### Material for this task ###

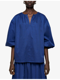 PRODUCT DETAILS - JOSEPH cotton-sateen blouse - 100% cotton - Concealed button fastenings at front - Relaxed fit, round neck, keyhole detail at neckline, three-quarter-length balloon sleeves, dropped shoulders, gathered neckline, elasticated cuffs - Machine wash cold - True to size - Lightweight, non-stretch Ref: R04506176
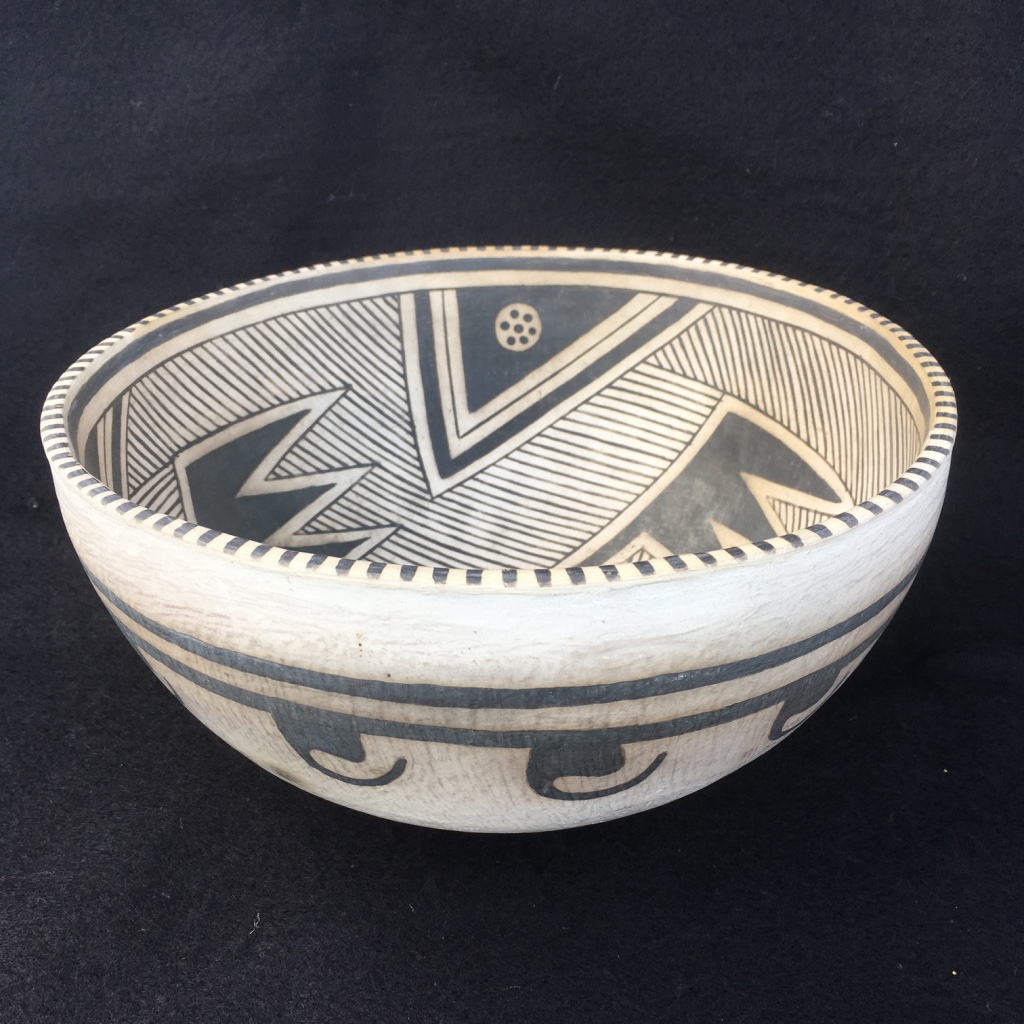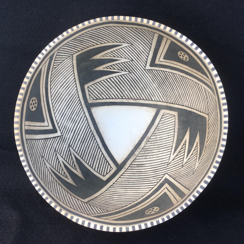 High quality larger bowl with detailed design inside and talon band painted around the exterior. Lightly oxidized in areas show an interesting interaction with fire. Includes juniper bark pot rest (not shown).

###
### Material for this task ###

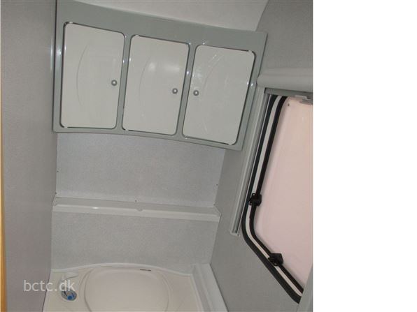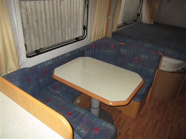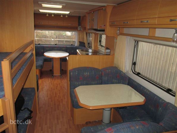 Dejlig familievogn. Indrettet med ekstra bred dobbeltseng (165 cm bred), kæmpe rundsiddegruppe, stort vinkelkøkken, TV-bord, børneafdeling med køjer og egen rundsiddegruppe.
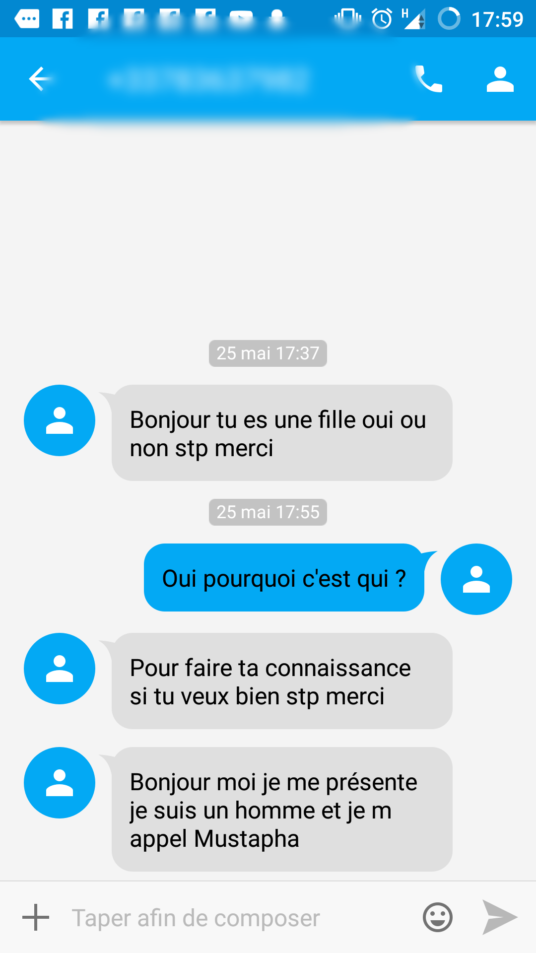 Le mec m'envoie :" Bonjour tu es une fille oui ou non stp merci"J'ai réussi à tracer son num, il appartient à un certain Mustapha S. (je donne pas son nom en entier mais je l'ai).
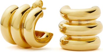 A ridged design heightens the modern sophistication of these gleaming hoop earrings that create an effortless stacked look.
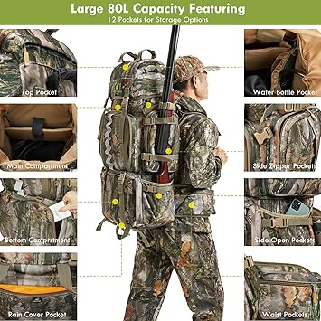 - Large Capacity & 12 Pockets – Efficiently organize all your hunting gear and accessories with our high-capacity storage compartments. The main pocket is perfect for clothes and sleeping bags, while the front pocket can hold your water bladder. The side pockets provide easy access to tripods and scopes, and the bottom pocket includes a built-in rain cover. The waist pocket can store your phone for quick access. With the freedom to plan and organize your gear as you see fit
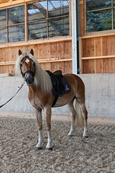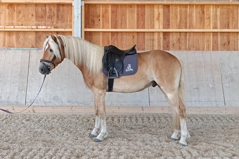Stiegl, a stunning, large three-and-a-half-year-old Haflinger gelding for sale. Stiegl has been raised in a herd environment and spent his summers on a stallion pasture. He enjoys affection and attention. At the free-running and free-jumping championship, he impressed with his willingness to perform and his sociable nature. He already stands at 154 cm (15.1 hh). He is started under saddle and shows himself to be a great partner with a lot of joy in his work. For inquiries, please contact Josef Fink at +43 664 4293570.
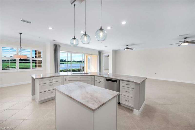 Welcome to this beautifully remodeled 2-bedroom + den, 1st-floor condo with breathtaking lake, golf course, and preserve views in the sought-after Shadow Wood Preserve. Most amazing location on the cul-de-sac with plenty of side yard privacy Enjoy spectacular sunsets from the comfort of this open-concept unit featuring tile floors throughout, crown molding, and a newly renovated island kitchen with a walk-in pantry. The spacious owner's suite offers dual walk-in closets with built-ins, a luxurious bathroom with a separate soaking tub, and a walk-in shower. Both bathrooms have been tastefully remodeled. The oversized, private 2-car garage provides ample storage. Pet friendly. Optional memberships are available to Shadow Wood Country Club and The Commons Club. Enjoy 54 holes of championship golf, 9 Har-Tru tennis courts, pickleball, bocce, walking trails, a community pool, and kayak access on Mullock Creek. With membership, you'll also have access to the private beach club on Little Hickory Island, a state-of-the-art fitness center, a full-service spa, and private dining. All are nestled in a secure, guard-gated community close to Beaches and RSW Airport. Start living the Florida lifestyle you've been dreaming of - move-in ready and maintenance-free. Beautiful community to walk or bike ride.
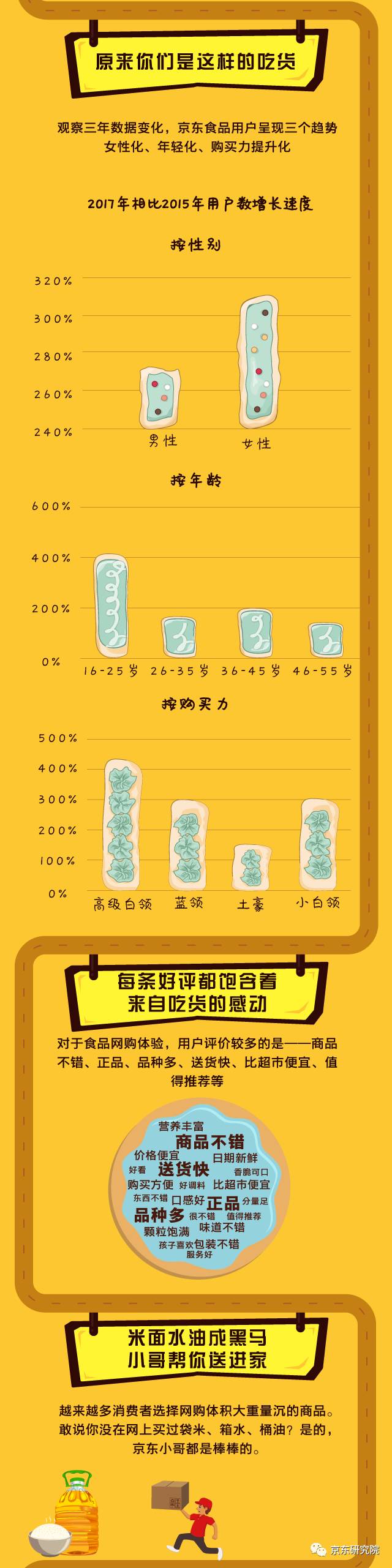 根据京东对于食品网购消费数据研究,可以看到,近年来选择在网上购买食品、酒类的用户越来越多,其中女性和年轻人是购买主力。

###

An exact transcription is needed of the lines from the one with "PRODUCT DETAILS - JOSEPH" to the one with "High quality larger" above, both ends included, with pictures left out.

= Exercise output =
 PRODUCT DETAILS - JOSEPH cotton-sateen blouse - 100% cotton - Concealed button fastenings at front - Relaxed fit, round neck, keyhole detail at neckline, three-quarter-length balloon sleeves, dropped shoulders, gathered neckline, elasticated cuffs - Machine wash cold - True to size - Lightweight, non-stretch Ref: R04506176
 High quality larger bowl with detailed design inside and talon band painted around the exterior. Lightly oxidized in areas show an interesting interaction with fire. Includes juniper bark pot rest (not shown).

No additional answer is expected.